┌──

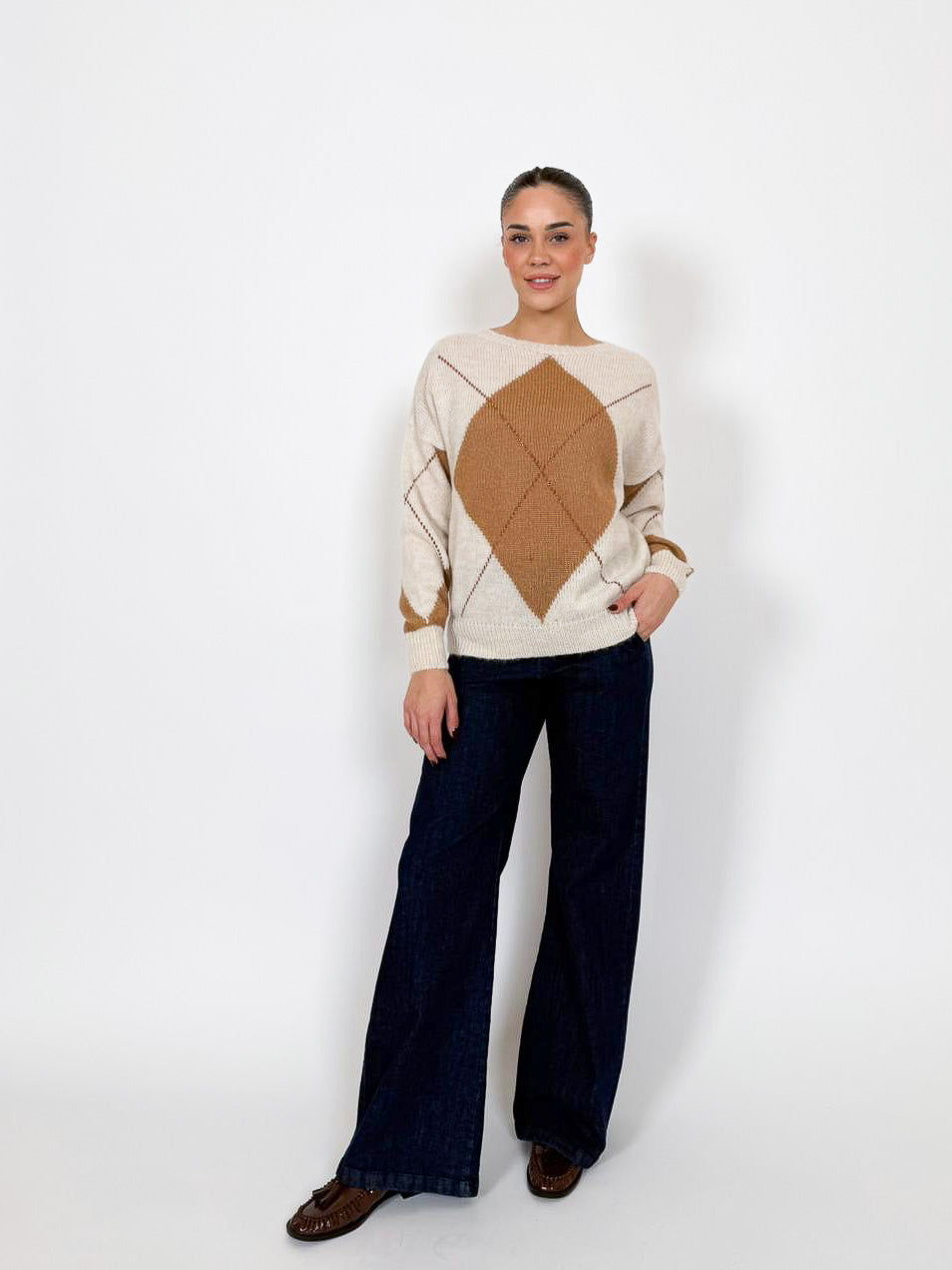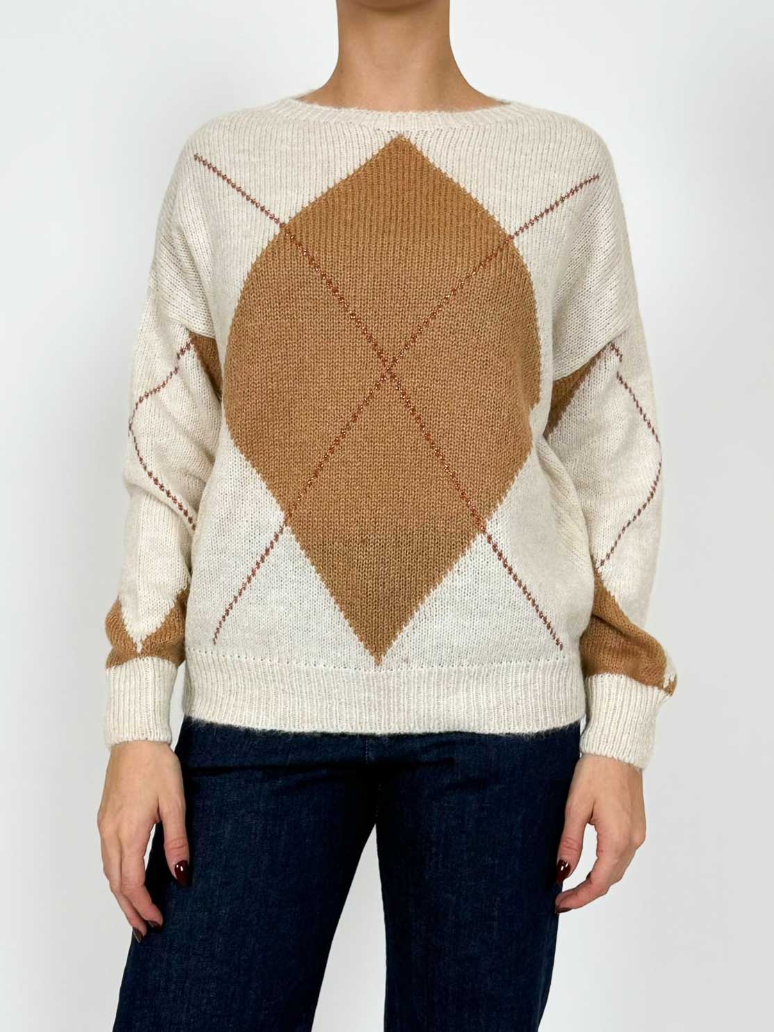 Via Vai Maglia Girocollo Rombi - BURRO/CAMEL
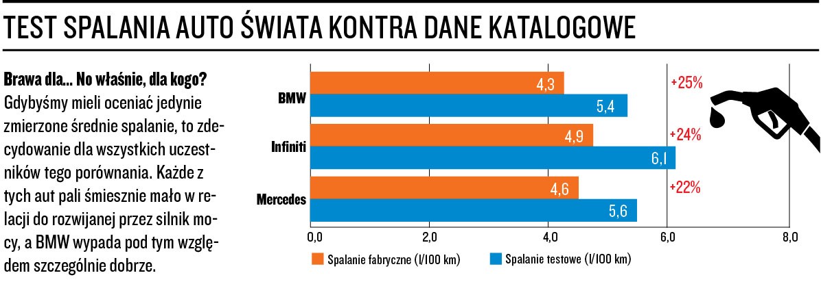 Oto bowiem BMW, które dzięki dwulitrowemu silnikowi wymyka się wysokiej akcyzie, wcale nie jest najtańsze – ten laur przypada w udziale Infiniti. Mercedes wypada drożej od swojego japońskiego „brata”. Równie ciekawe jest porównanie utraty wartości trzech testowanych samochodów, które znajdziecie w tabelce na końcu materiału.
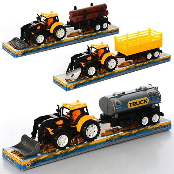 Трактор 9980-1-3-4 інерційний, бульдозер 16,5 см, з причепом, 3 види, в слюді 36,5-8-10см
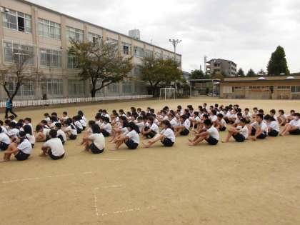 さて,高学年の組体操も,最終のリハーサルを行うことができました。終わった後の様子です。自信に満ちた表情に見えます。
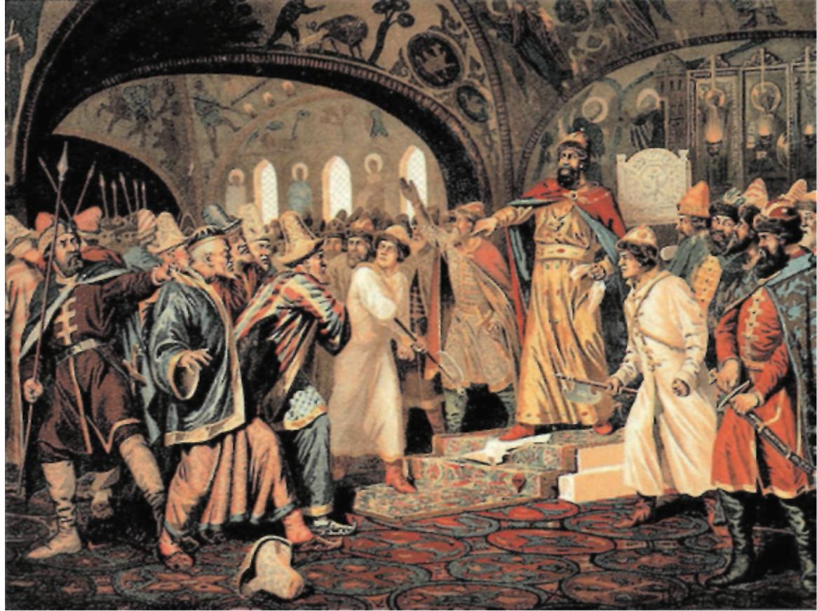 «Государь всея Руси». Главой Московского государства был великий князь, «государь всея Руси». (Иван III объявил своим соправителем сына от первого брака Ивана Молодого, однако этот решительный и умный князь умер раньше отца, в 1490 г.) Новый титул «государь» подчеркивал, что московский монарх возвышается над своими подданными (боярами, служилыми людьми, крестьянами и т. д.), как хозяин над холопами.
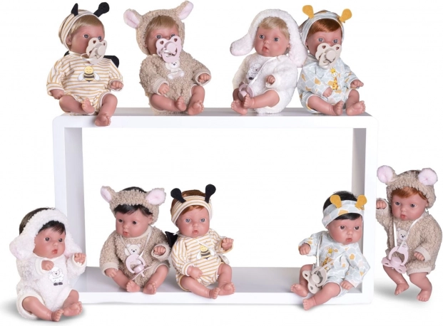 Ontdek de magie van de realistische baby pop Ovečka van Antonio Juan. Deze pop met een volledig vinyl lichaam bootst perfect het realistische uiterlijk van een echte baby na, inclusief kleine plooien en gedetailleerd afgewerkt lichaam. Gemaakt van zacht vinyl, wat haar een uitzonderlijk aangenaam gevoel geeft bij aanraking.
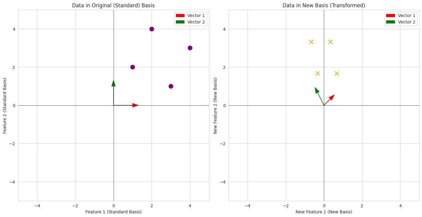 - We define an arbitrary `transformation_matrix` and use its transpose as a new basis. In a real AI/ML scenario, this matrix might be learned or computed (e.g., from PCA).
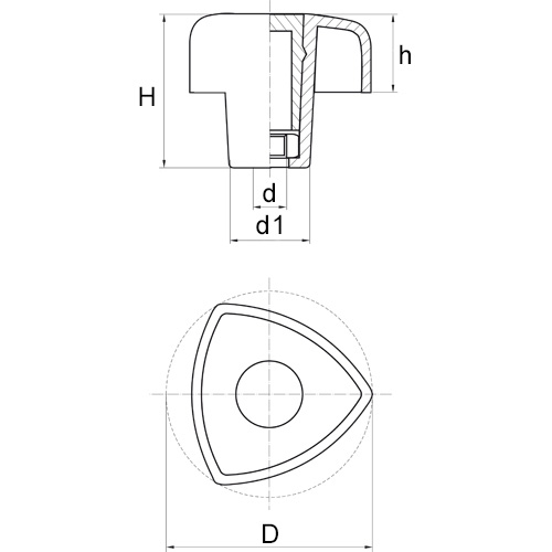 Triangular Thumb Screw Female Nylon Head Metal Insert BPF 195, BPF 200
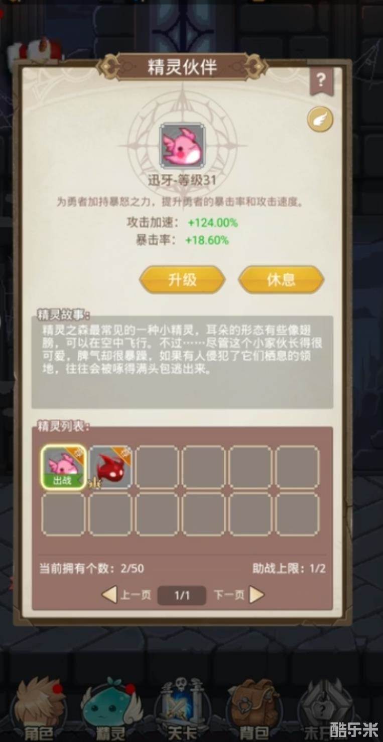 这些属性对应的类型多种多样,有的能提升战力,有的能提高我们的收益,还有的可以扩充背包或者减少每个关卡遇到的精灵数量。属性一共有20多种,但是我们每次只能选其中5种,并且升级机会只有一次。
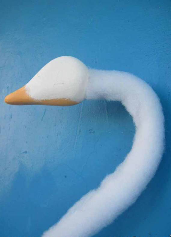 В свою очередь, по ним крепится уже толстая проволока. Нужно отрезать ее моток не менее 1,5 м. Нижнюю часть фиксируем с внутренней стороны основания шеи, верхнюю – на верхней части головы.Вот практически и все, наш лебедь почти готов. Осталось немного:
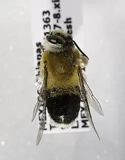 Centris analis is a solitary, oil-collecting bee with a geographical range extending from Brazil to Mexico.[2] C. analis is a small, fast-flying bee with an average head width of 3.21mm and 3.54mm for males and females, respectively.[2] While most species of the genus Centris create burrows for nesting, C. analis and other species of the subgenus Heterocentris build nests in pre-existing cavities rather than in the ground.[3] C. analis is a pollinator of many plant species, especially of those in the family Malpighiaceae, which has encouraged its application in acerola orchards.[4][5]
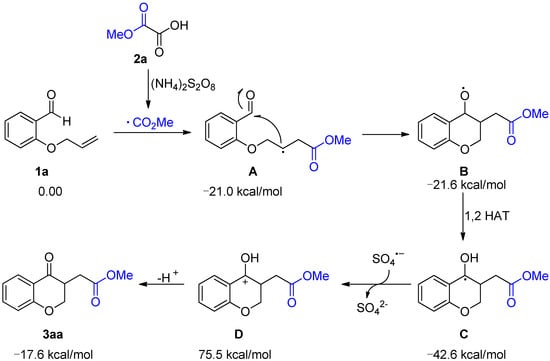 Based on the density functional theory (DFT) calculations (for details, see the Supporting Information), our preliminary control experiments and the relevant reports from the literature [,,], we speculated a possible reaction pathway, as shown in Scheme 6. First, a radical anion SO4−• generates via the decomposition of (NH4)2S2O8 in DMSO; meanwhile, SO4−• captures a hydrogen atom from 2-methoxy-2-oxoacetic acid (2a) to form a methyl ester radical via a decarboxylative process. Then, the methyl ester radical attacks the C=C bond of 1a to give radical intermediate A (−21.0 kcal/mol), which undergoes further cyclization to afford an oxygen radical B (−21.6 kcal/mol). The radical B then undergoes a 1,2-hydrogen atom transfer (HAT) process to afford radical C (−42.6 kcal/mol). Furthermore, in the presence of radical anion SO4−•, the intermediate C is transformed to a carbocation intermediate D (75.5 kcal/mol); the activation free energy of this process is 118.1 kcal/mol (C→D), which might be the rate-determining step. Finally, a favorable deprotonation process occurs to deliver the desired product 3aa (−17.6 kcal/mol).
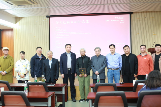 讲座最后,王恒院长为鞠实儿教授颁发“逻辑、社会与文化”论坛主讲纪念牌,并与出席讲座的老师合影留念。长达两个半小时的生动精彩且极具启发价值的讲座与研讨,在全场热烈的掌声中圆满结束。
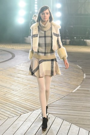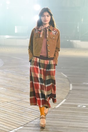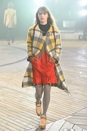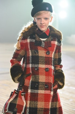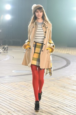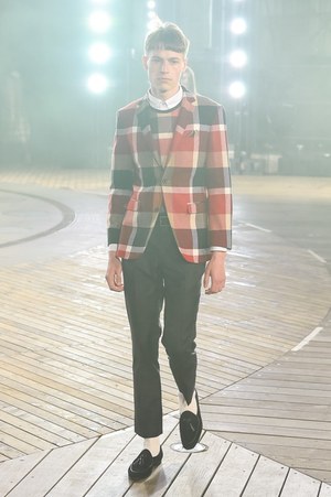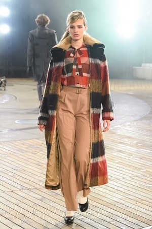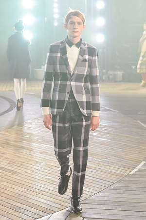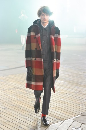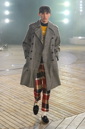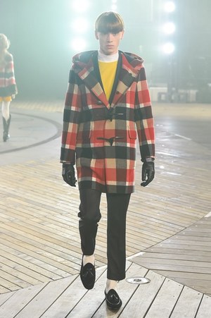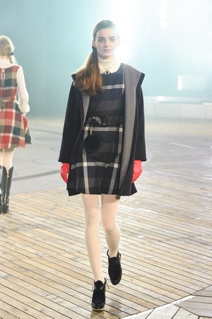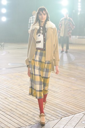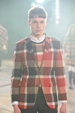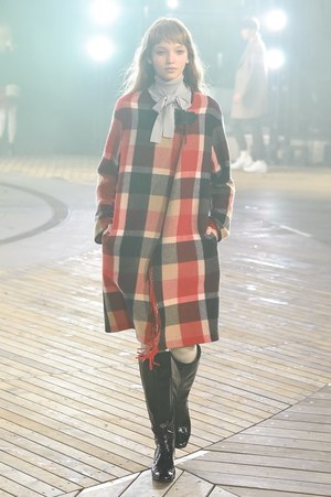 ブランドを代表する“クレストブリッジチェック”は昨シーズンに比べ170~200%拡大され、より存在感をアピール。ビビットなレッドやイエローの差し色とともに、コレクション全体に躍動感を与えた。

└──

__To do__.
Copy the records above exactly, from the first line through the line containing "Oto bowiem BMW, które", and leave out the pictures.

__Answer to this problem__.
 Via Vai Maglia Girocollo Rombi - BURRO/CAMEL
 Oto bowiem BMW, które dzięki dwulitrowemu silnikowi wymyka się wysokiej akcyzie, wcale nie jest najtańsze – ten laur przypada w udziale Infiniti. Mercedes wypada drożej od swojego japońskiego „brata”. Równie ciekawe jest porównanie utraty wartości trzech testowanych samochodów, które znajdziecie w tabelce na końcu materiału.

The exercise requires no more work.